Suppose $X_n \to X$ almost surely and that $|X_n| \leq Y$ for all $n \geq 1$ where $Y$ is a positive, integrable random variable.
Is it true that $$\mathbb{E}[X_n \mid \mid \mathcal{G}] \to
\mathbb{E}[X\mid\mid \mathcal{G}]$$ in $L_1$?
My attempt:
I already know that $|\mathbb{E}[X_n \mid \mid \mathcal{G}] – \mathbb{E}[X\mid\mid \mathcal{G}]| \to 0$ a.s. (from another proof).

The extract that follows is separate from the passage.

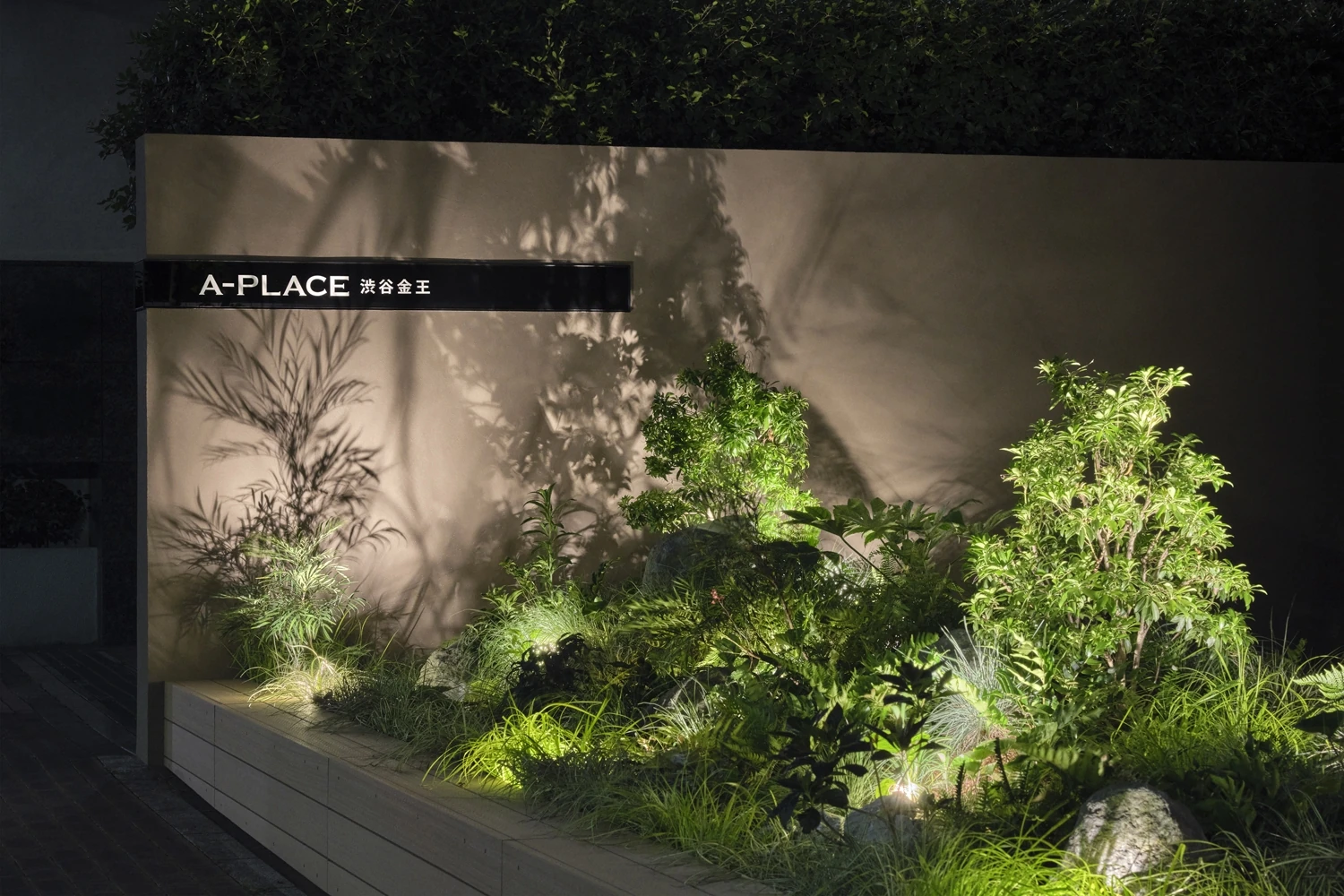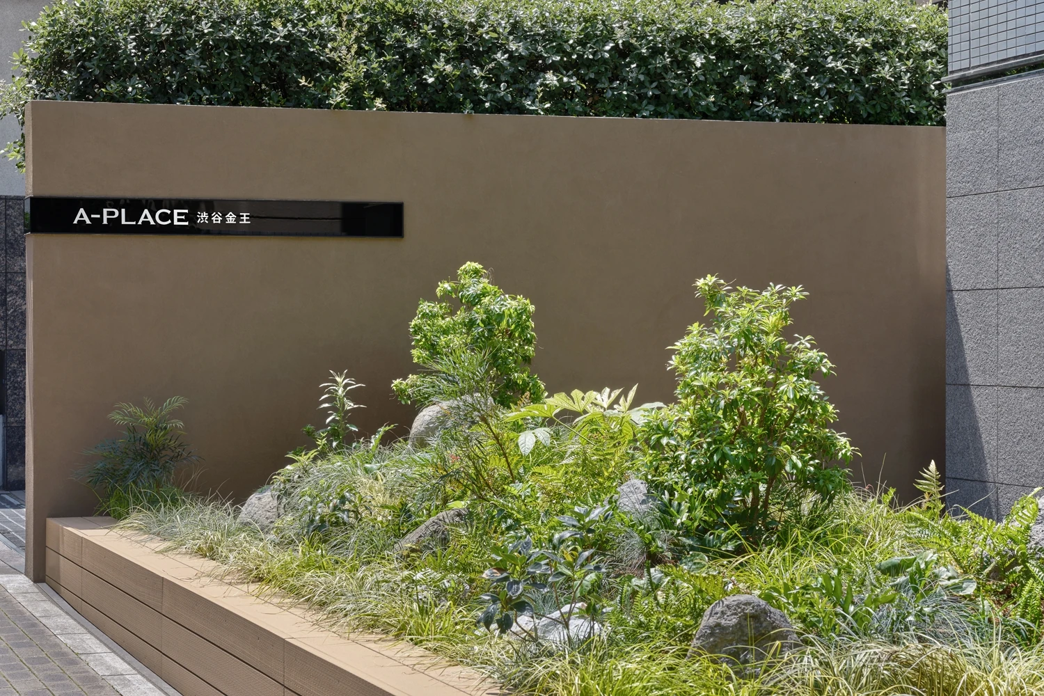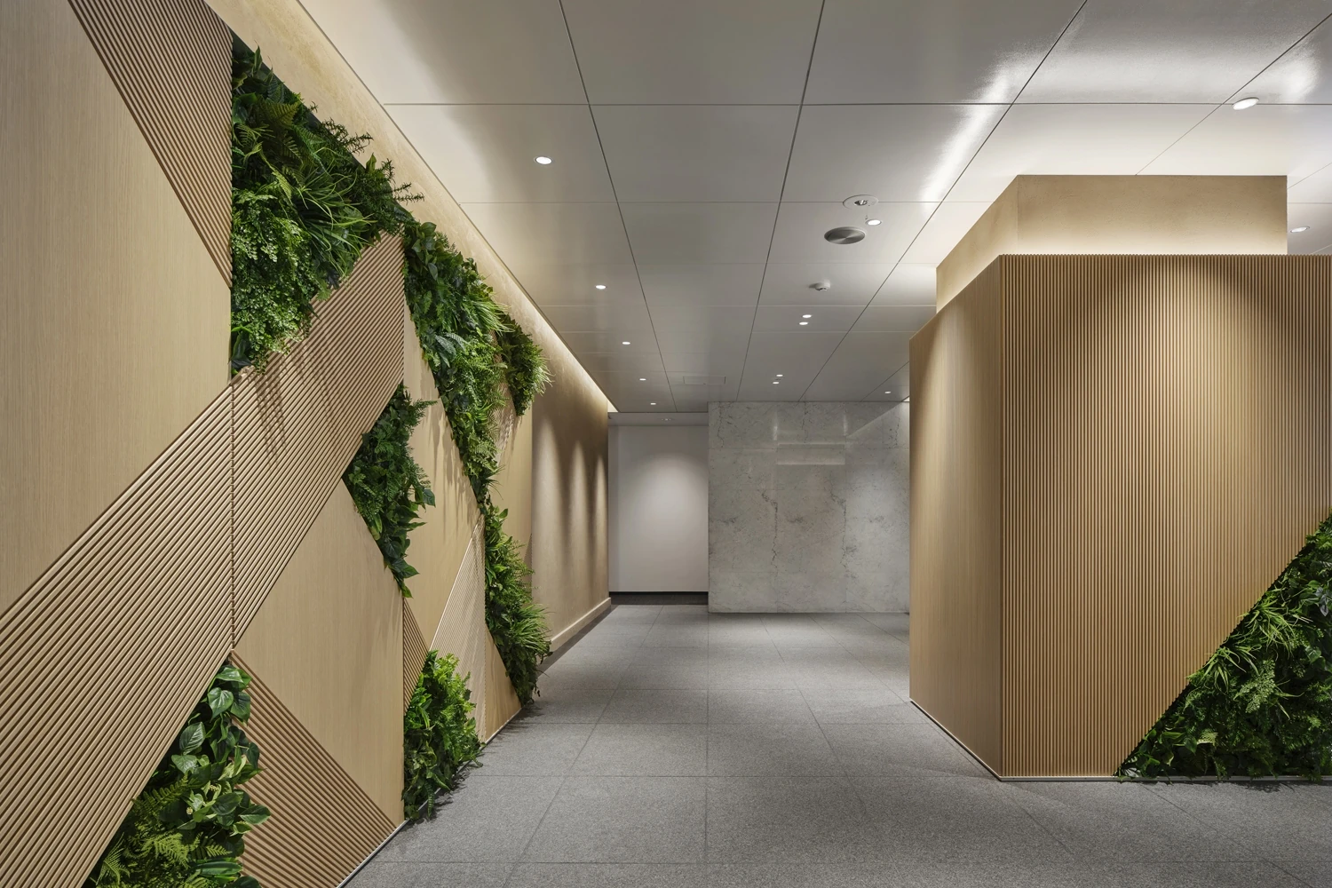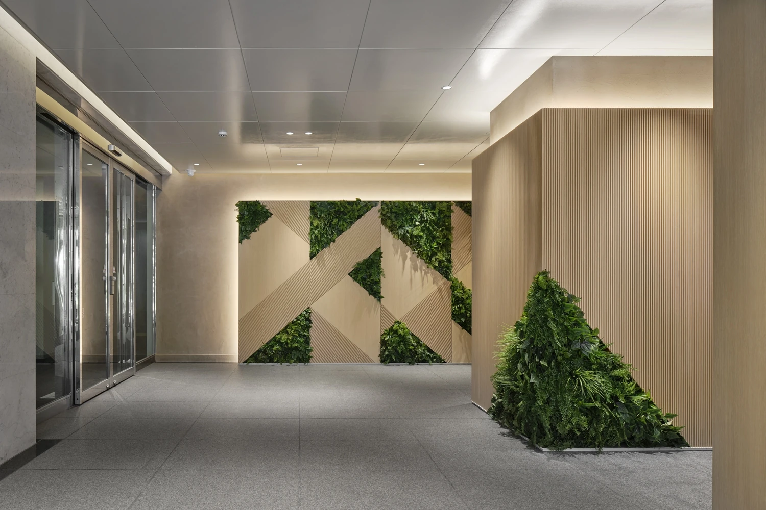 「本物の素材」で魅せるニュートラルなデザインをテーマに、普遍的なデザインで安心感を生み、多様な企業が入居しやすい空間を目指しました。人の流れを意識したアプローチには、本物の素材を用い、閑静な立地の中で静かに存在感を放つデザインを採用。また、東急コミュニティー様のサスティナビリティの方針に基づき、一部オーガニック素材の塗料を用いました。自動ドアを抜けた先にはフィーチャーウォールを配置し、エッジの効いた造形で渋谷らしい先進性を表現するとともに、グリーンと木目調を取り入れることで安心感を実現しました。

However, we also know that for $n \geq 1$, with probability $1$,
$$|\mathbb{E}[X_n \mid \mid \mathcal{G}] – \mathbb{E}[X\mid\mid \mathcal{G}]| \leq 2 \mathbb{E}[|Y| \mid \mid \mathcal{G}]$$ and $\mathbb{E}[|Y| \mid \mid \mathcal{G}]$ is integrable, so by the dominated convergence theorem:
$$\mathbb{E}[|\mathbb{E}[X_n \mid \mid \mathcal{G}] – \mathbb{E}[X\mid\mid \mathcal{G}]|] \to \mathbb{E}[0] = 0$$
and thus we have convergence in $L_1$.
Is this correct?
Best Answer
Using the conditional Jensen's inequality, $$ \mathsf{E}|\mathsf{E}[X_n\mid\mathcal{G}]-\mathsf{E}[X\mid\mathcal{G}]|\le \mathsf{E}|X_n-X|\to 0. $$